At work, I have been learning something about myself. There is a gentleman with whom I work who absolutely detests me. I don't have to say anything or do anything, as long as I am in the same vicinity as him, he is annoyed and peeved off at me. There are just somethings about me that he really does not like. To my mind, that is his problem, not mine. I do not try and aggravate him and instead I typically try and stay away from him. It makes work easier for both of us. There is another gentleman with whom I work who just irritates me to no end. I caught myself thinking one day that he did things just because they annoyed me. Then I was convicted. I disliked him like this other guy disliked me. It was probably not his fault that I did not like him, he was just who he was. It was my problem that I was easily irked by him. Certainly he was not trying to irritate me (at least I hope so). It was my failing, not his. I saw fault with him and when I looked again at the situation the greater fault was mine. His particle of sawdust was glaring me in one eye while with the other I could see nothing but a redwood trunk, and I had been thinking that I was the right one. He had both eyes to see while I only had one. He had depth perception while I saw in two dimensions. Until I know why and what my problem is with this guy, I can not do anything about it, and I can not help him be less irritating to some of the others at work either.
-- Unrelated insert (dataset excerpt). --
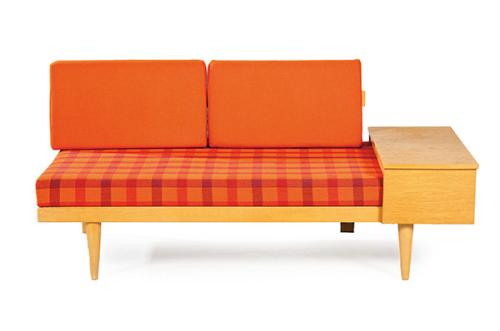 Sofá de dos plazas convertible en cama, Daybed. Estructura de madera de teca, combinada con tres piezas acolchadas y tapizadas, cumple a la perfección su función como sofá. La cajonera abatible permite múltiples configuraciones, transformándose en cama o chaise longue según se necesite. Este diseño noruego destaca por su pureza, sencillez y practicidad, ofreciendo comodidad tanto para vivir como para dormir.
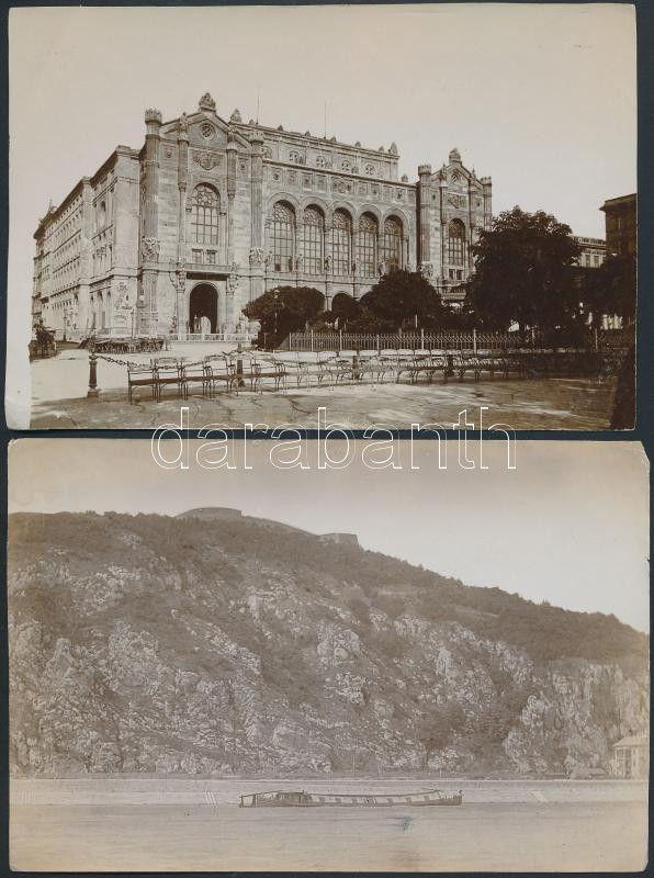 Beschreibung: cca 1880-1900 Régi Budapesti fotók: Vígadó, Mátyás templom, Gellért hegy, 3db, 9x14cm

Often times we find ourselves in such a situation as this. Your details are probably different from mine, but the same state of affairs exists. We all are walking lumberyards, our sawmills grinding away and throwing dust into the air to catch in other's eyes. Before we are able to aid each other, to encourage, and to help uplift each other we must first remove our own planks of judgment. If we remain partially blinded, then by what right are we to ask others to improve themselves and to fix their sight. However, if we make the effort to clean ourselves up, to improve ourself and have our vision repaired first, then when we try and help our world then their refusal is not on our heads. We must be corrected first before we can ask others to change, and if we cannot truly see the light of Christ, how can we explain it to others?

Open my eyes, that I may see
glimpses of truth thou hast for me;
place in my hands the wonderful key
that shall unclasp and set me free.
Silently now I wait for thee,
Ready, my God, thy will to see.
Open my eyes, illumine me, Spirit divine!